## [DATASET EXCERPTS]
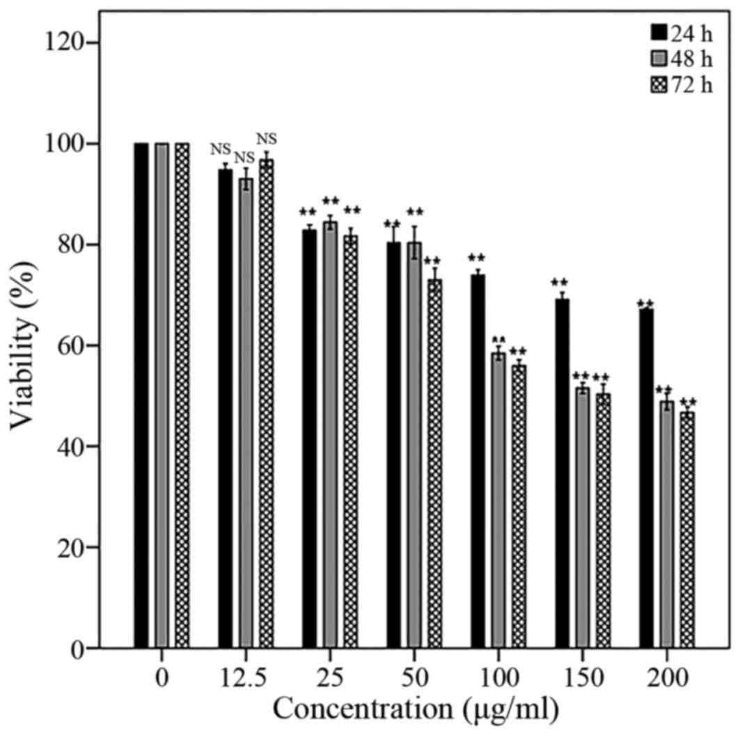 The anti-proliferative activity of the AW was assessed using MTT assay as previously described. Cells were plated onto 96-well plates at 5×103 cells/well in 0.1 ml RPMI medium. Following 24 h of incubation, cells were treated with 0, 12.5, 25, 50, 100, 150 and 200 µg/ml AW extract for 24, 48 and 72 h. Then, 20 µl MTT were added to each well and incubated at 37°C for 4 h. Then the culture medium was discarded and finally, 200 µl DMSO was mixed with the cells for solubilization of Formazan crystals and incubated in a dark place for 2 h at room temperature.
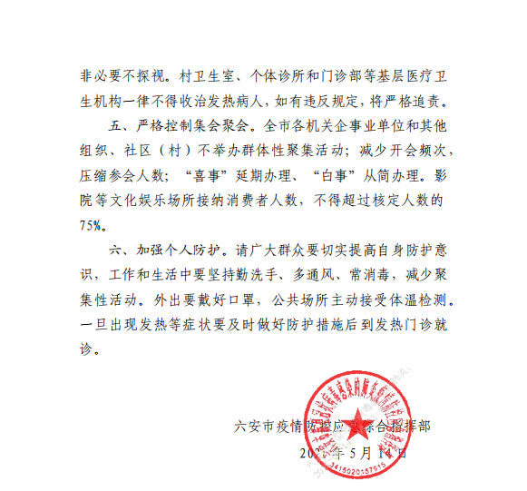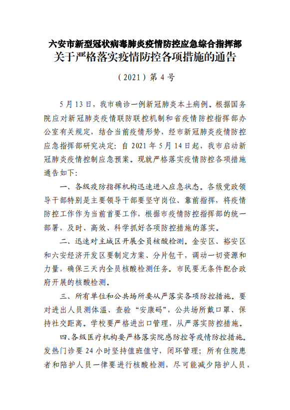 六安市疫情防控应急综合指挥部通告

...

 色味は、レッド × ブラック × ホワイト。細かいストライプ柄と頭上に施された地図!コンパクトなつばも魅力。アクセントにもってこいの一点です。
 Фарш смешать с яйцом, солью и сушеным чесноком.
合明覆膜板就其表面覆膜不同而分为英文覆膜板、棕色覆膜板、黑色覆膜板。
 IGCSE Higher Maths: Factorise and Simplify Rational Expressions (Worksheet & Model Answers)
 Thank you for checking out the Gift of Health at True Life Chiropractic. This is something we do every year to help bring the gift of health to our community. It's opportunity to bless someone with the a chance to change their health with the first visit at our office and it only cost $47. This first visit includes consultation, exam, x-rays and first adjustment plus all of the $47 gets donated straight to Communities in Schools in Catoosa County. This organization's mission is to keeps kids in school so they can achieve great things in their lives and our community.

## [TASK TO CARRY OUT]
Write out, from the lines above, only those from the line with "合明覆膜板就其表面覆膜不同而分为英文覆膜板、棕色覆膜板、黑色覆膜板。" to the line with "Thank you for", exactly as given, including the first and the last.

## [WORKED SOLUTION]
合明覆膜板就其表面覆膜不同而分为英文覆膜板、棕色覆膜板、黑色覆膜板。
 IGCSE Higher Maths: Factorise and Simplify Rational Expressions (Worksheet & Model Answers)
 Thank you for checking out the Gift of Health at True Life Chiropractic. This is something we do every year to help bring the gift of health to our community. It's opportunity to bless someone with the a chance to change their health with the first visit at our office and it only cost $47. This first visit includes consultation, exam, x-rays and first adjustment plus all of the $47 gets donated straight to Communities in Schools in Catoosa County. This organization's mission is to keeps kids in school so they can achieve great things in their lives and our community.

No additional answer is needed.